More and more Americans are facing financial difficulty. Estimates of adults living from paycheck to paycheck range from half to 60 percent to 78 percent. Any sign of a recession would be devastating for most of us. 

It's estimated that a typical U.S. household needs about $60,000 annually to meet all expenses. That's only manageable if two adults are working full-time for $15 per hour.
I think this is also correct, but I want to add that a major reason why I am against the feminism that arose in the late 1960ies is that they are at least partially responsible that both the father and mother have to work full-time to be able to raise a family (that they will not see much of, because they are too busy working).

Here is more:

Many of today's 'gig' jobs don't pay a living wage, and most have no retirement or health benefits, no job security, no government regulations backing them, and usually a longer work day, with many people putting in 10- to 12-hour days for $13 per hour or less. According to a New York Times report, "41.7 million laborers — nearly a third of the American work force — earn less than $12 an hour, and almost none of their employers offer health insurance."
I say - and I think this is correct as well. (Also, while I very probably earned less than any other Dutchman who did not go to prison in the last 50 years, I do have a pension and health benefits since 2015, when I got to be 65. Then again, it seems that those who are several decades younger than I am will not have a pension, unless they save it themselves: Progress!)

Here is the last bit that I quote from this fine article:
The extreme levels of American poverty and inequality are ripping apart once-interdependent communities with mental health  and homelessness problems, and with a surge in drug and alcohol and suicide "deaths of despair." 

Part of the definition of poverty is "the state of being inferior in quality." As one of the most unequal nations in the entire world, America is also, in many ways, one of the most poverty-stricken.
I think this also is correct, and this is a strongly recommended article.
B. Extra On The U.S. Elections

This article is by the staff of Democracy Now!
I shall quote only one bit, and this item is here because of the U.S. elections today:

On Tuesday, November 6, as polls close around the country, Democracy Now!’s Amy Goodman, Juan González and Nermeen Shaikh will be joined by The Intercept’s Jeremy Scahill to host a rolling roundtable discussion with guests across the country.

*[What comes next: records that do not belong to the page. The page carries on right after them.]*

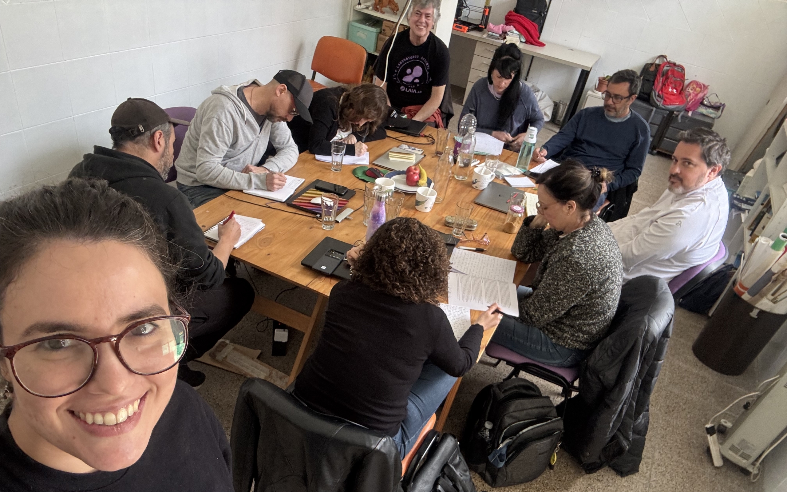 Durante las cuatro mañanas de los sábados de septiembre nos juntamos en la sede de LAIA, el espacio que retrata la foto. Un aula de escuela con estanterías llenas de cosas y una mesa grande de madera en el centro. A su alrededor fuimos dando forma a historias personales, fragmentos de artículos y papers, narraciones e ideas anotadas a mano. A veces con la compañía de la IA, otras no.
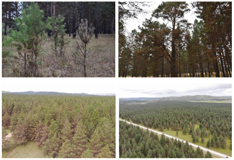 然而,自2018年開始,紅花爾基地區(qū)的沙地樟子松天然林出現(xiàn)枝葉變黃、繼而整株萎蔫、最后枯死等衰退現(xiàn)象,引起廣泛關(guān)注(圖1)。盡管這種衰退現(xiàn)象已有詳實(shí)記錄,但是其衰退機(jī)制仍然不清楚?;谏车卣磷铀商烊涣炙ネ诉^程和現(xiàn)狀,中國科學(xué)院沈陽應(yīng)用生態(tài)研究所北方生態(tài)屏障功能形成維持機(jī)制與提質(zhì)增效創(chuàng)新團(tuán)隊(duì),提出2個(gè)相互關(guān)聯(lián)驅(qū)動沙地樟子松天然林衰退的假設(shè):(1)人為防火措施延長了自然林火發(fā)生的間隔期,導(dǎo)致林內(nèi)病原菌富集和害蟲數(shù)量增多,從而引發(fā)樟子松天然林出現(xiàn)衰退現(xiàn)象;(2)氣候變化導(dǎo)致沙地樟子松天然林區(qū)冬季氣溫升高,引起冬季積雪變薄或積雪覆蓋時(shí)間縮短,造成早春積雪融水補(bǔ)充土壤水分量減少,致使樟子松天然林生長關(guān)鍵時(shí)期土壤水分不足,導(dǎo)致樹木生長勢衰弱;招致病蟲害侵染,加劇樹勢衰弱程度,進(jìn)而引起沙地樟子松天然林出現(xiàn)衰退現(xiàn)象。
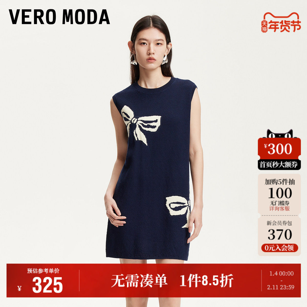 Vero Moda奥莱针织连衣裙2025秋季新款商场同款纯棉无袖印花高级

In addition to real-time election returns, we will focus on some of the nation’s most contested races and ballot initiatives. A record number of women and people of color are running for every level of elected office. We’ll also be examining the issues and movements at the heart of these midterm elections and the state of U.S. democracy two years into the Trump presidency.

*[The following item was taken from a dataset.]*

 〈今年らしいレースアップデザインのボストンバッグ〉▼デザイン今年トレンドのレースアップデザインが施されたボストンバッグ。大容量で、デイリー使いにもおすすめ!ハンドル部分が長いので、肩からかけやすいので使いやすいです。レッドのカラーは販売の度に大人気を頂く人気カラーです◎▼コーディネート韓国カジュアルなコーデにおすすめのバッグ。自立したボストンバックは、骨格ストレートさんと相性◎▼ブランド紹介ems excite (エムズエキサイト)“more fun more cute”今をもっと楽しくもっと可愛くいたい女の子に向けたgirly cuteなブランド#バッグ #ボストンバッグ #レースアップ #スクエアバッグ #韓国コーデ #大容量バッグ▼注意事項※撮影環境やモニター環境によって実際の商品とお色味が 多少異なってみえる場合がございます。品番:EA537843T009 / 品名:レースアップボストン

And though I very probably will not view this, it is recommended for people who live in the USA. (Check the details by checking the above dotted link.)


Note

[1] I have now been saying since the end of 2015 that xs4all.nl is systematically ruining my site by NOT updating it within a few seconds, as it did between 1996 and 2015, but by updating it between two to seven days later, that is, if I am lucky.

They have claimed that my site was wrongly named in html: A lie. They have claimed that my operating system was out of date: A lie.

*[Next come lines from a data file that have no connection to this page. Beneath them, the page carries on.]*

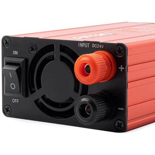 Якісно зроблений автомобільний перетворювач напруги, перетворює постійний струм 24 на змінний 230 В із модифікованим синусоїдальним сигналом. Має 2 USB-виходи для живлення 5-вольтових пристроїв.
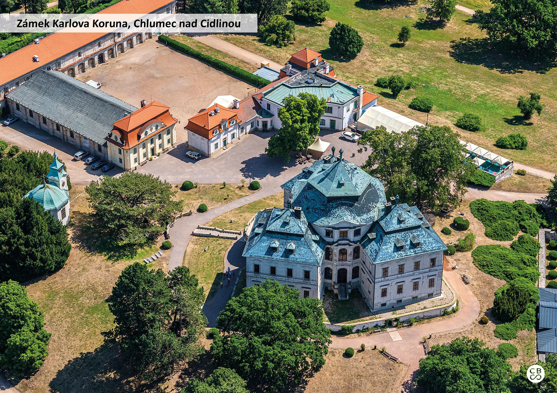 Karlova Koruna je zámek patřící k nejvýznamnějším barokním stavbám v Česku. Stojí na návrší Chlumec v západní části města Chlumec nad Cidlinou | Společnost CBS Nakladatelství s. r. o.
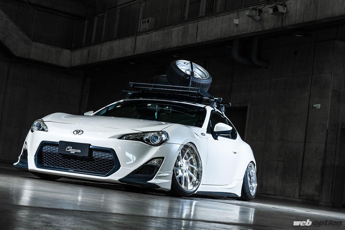 当初は雪が降る季節のことを考えて、FRスポーツモデルの購入を断念していたが、冬の移動手段が確保できたことから念願の86を愛車に迎えてのカスタムを1年前にスタート。カスタムパーツが豊富で中古市場も賑わう人気車種のメリットを最大限に活かして、コストを抑えながら自分の好きをバランス良くまとめた「モノトーンスタンス」に取り組んできた。
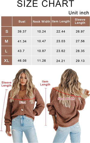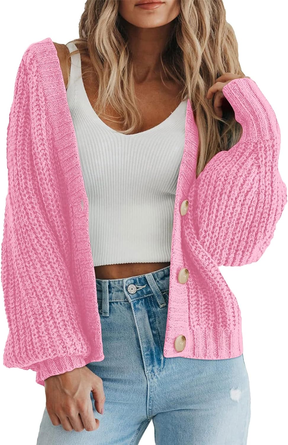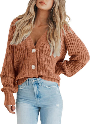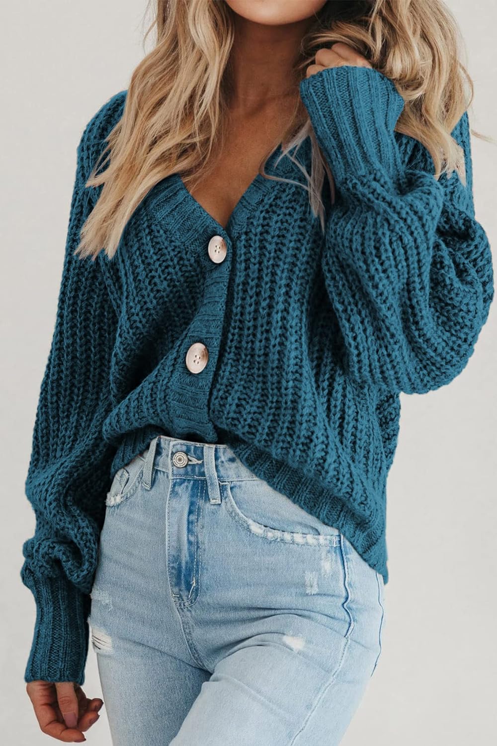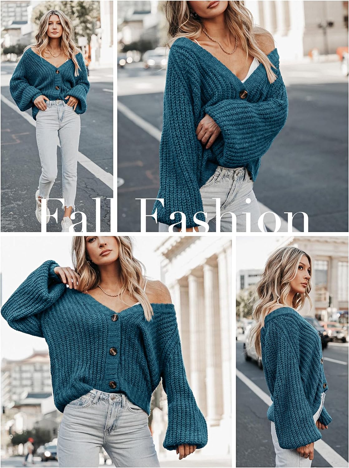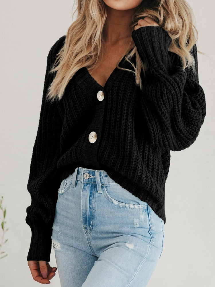 Solid Color Womens Cardigan V Neck Chunky Knit Fall Cardigans for Women 2022 Loose Womens Sweater

And they just don't care for my site, my interests, my values or my ideas. They have behaved now for 2 years as if they are the eagerly willing instruments of the US's secret services, which I will from now on suppose they are (for truth is dead in Holland).

The only two reasons I remain with xs4all is that my site has been there since 1996, and I have no reasons whatsoever to suppose that any other Dutch provider is any better (!!).